For part (b) first let $3 < p$. Then $n \equiv 1,2 \pmod{3}$, but then $T_2(n) \equiv 2\cdot 2^2 + p^2 + q^2 + r^2 + s^2 \equiv 8 + 1 + 1 + 1 + 1 \equiv 12 \equiv 0 \pmod{3}$. Now, let $p = 3$. Then $n = 12qrs \equiv 0 \pmod{3}$. Note that $T_2(n) \equiv 2\cdot 2^2 + 9 + q^2 + r^2 + s^2 \equiv 8 + 0 + 1 + 1 + 1 \equiv 2 \pmod{3}$.
For part (c),
$n \equiv 0 \pmod{3}$ since $p = 3$. Say $k = 6m+w$, for $w = 1$ or $5$. Then $T_2(n) \equiv 4(6m+w) + 0 + 1 + 1 + 1 \equiv w \equiv 1,5 \pmod{3}$.
\end{proof}
\begin{theorem}\label{origThm7}
Suppose $n = 2^kpqrs$. If $k = 2m$, then $n \neq T_2(n)$.
\end{theorem}
\begin{proof}
In view of Lemma~\ref{origLemma5}, we assume $4 \leq k = 2m$. Now $n \equiv 0 \pmod{8}$, by hypothesis.

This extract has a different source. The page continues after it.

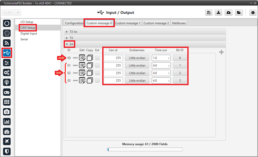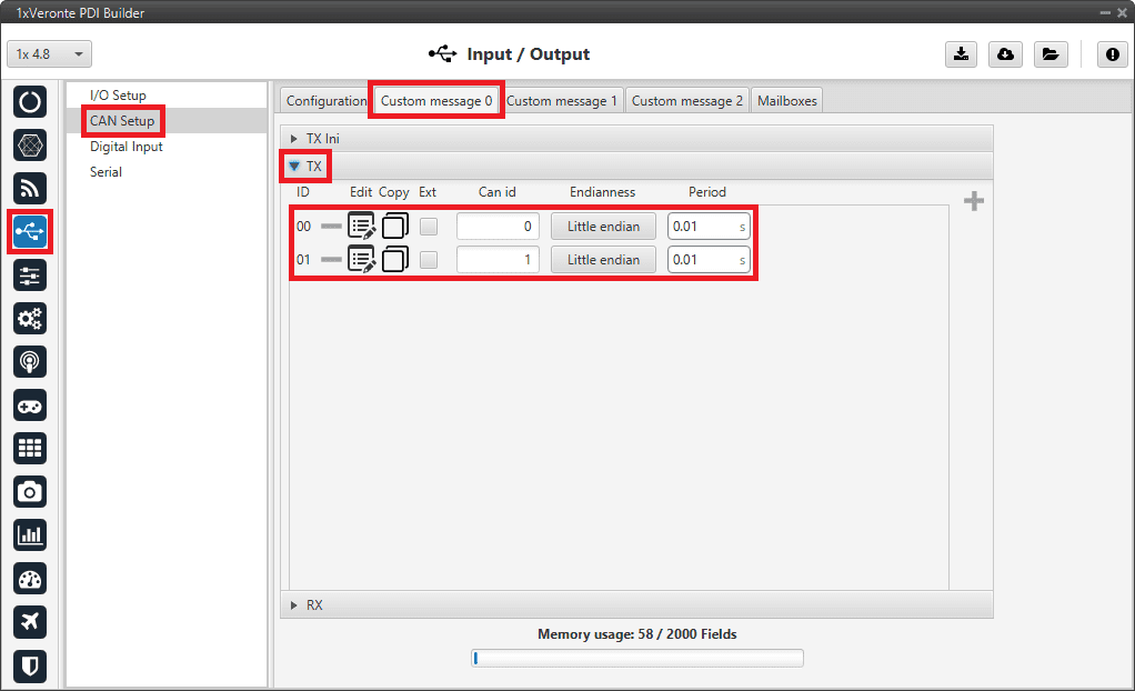 1x PDI Builder - Custom message 1 configuration For more information on configuring CAN custom messages, refer to the Custom Messages types - Input/Output section of this manual.

We note that every odd integer $u$ satisfies $u = 4U + 1$ or $u = 4U - 1$ for some $U$. In either case, $u^2 \equiv 1 \pmod{8}$. Thus, $T_2(n) = 2m(2^2) + p^2 + q^2 + r^2 + s^2 \equiv 4 \pmod{8}$.
\end{proof}
\begin{theorem}\label{origThm8}
Suppose $n = 2^kpqrs$ for $k = 6m + 5$. Then $n \neq T_2(n)$.
\end{theorem}
\begin{proof}
We assume first, in view of Lemma~\ref{origLemma5}(b), that $3 < p < q < r < s$. Then $n \equiv 1,2 \pmod{3}$ as each odd prime is $\equiv 1,2 \pmod {3}$. However, $T_2(n) \equiv (6m+5)4 + 1 + 1 + 1 + 1 \equiv 0 \pmod{3}$. Now we assume $p = 3$. Then $n \equiv 0 \pmod{3}$, but $T_2(n) \equiv (6m+5)4 + 0 + 1 + 1 + 1 \equiv 2 \pmod{3}$.
\end{proof}
\begin{theorem}\label{origThm9}
Suppose $n = 2^kpqrs$ for $k = 6m + 1$. If $n = T_2(n)$, then $n \equiv 2 \pmod{3}$.
\end{theorem}
\begin{proof}
By Lemma~\ref{origLemma5}(c) we need not consider possibility $p = 3$. Hence, we now suppose $3 < p < q < r < s$. Now, $n=T_2(n) \equiv (6m+1)4 + 1 + 1 + 1 + 1 \equiv 8 \equiv 2 \pmod{3}$.
\end{proof}
\begin{corollary} \label{origCor3}
Suppose $n = 2^kpqrs$ for $k = 6m + 1$. If $n = T_2(n)$, then $pqrs \equiv 1 \pmod{3}$.
\end{corollary}
\begin{proof}
We first note that $2^{6m+1} \equiv \bigl((2^6)^m \bigr)\cdot 2 \equiv 1^m\cdot 2 \equiv 2 \pmod{3}$. If $pqrs \equiv 2 \pmod{3}$, then we have $n \equiv 2^{6t+1}pqrs \equiv 2\cdot 2 \equiv 1 \pmod{3}$, but this contradicts Theorem~\ref{origThm9}.
\end{proof}
\begin{theorem}\label{origThm10}
Suppose $n = 2^kpqrs$ for $k = 6m + 3$. If $n = T_2(n)$, then $n \equiv 1 \pmod{3}$.
\end{theorem}
\begin{proof}
Observe $2^k \equiv (-1)^{6m+3} \equiv -1 \equiv 2 \pmod{3}$. Thus, $n = T_2(n) \equiv (6m+3)4 + 1 + 1 + 1 + 1 \equiv 1 \pmod{3}$.
\end{proof}
\begin{corollary}\label{origCor4}
Suppose $n = 2^kpqrs$ for $k = 6m + 3$. If $n = T_2(n)$, then $pqrs \equiv 2 \pmod{3}$.
\end{corollary}
\begin{proof}
If $pqrs \equiv 1 \pmod{3}$, then $n \equiv 2^{6t+1}pqrs \equiv 2\cdot 1 \equiv 2 \pmod{3}$, contradicting Theorem~\ref{origThm10}.
\end{proof}
\begin{theorem}\label{origThm11}
Suppose that $n$ is a product of $u$ distinct odd primes each greater than 3.
\begin{itemize}
\item[(a)] If $u = 6t+3$, then $n \neq T_2(n)$.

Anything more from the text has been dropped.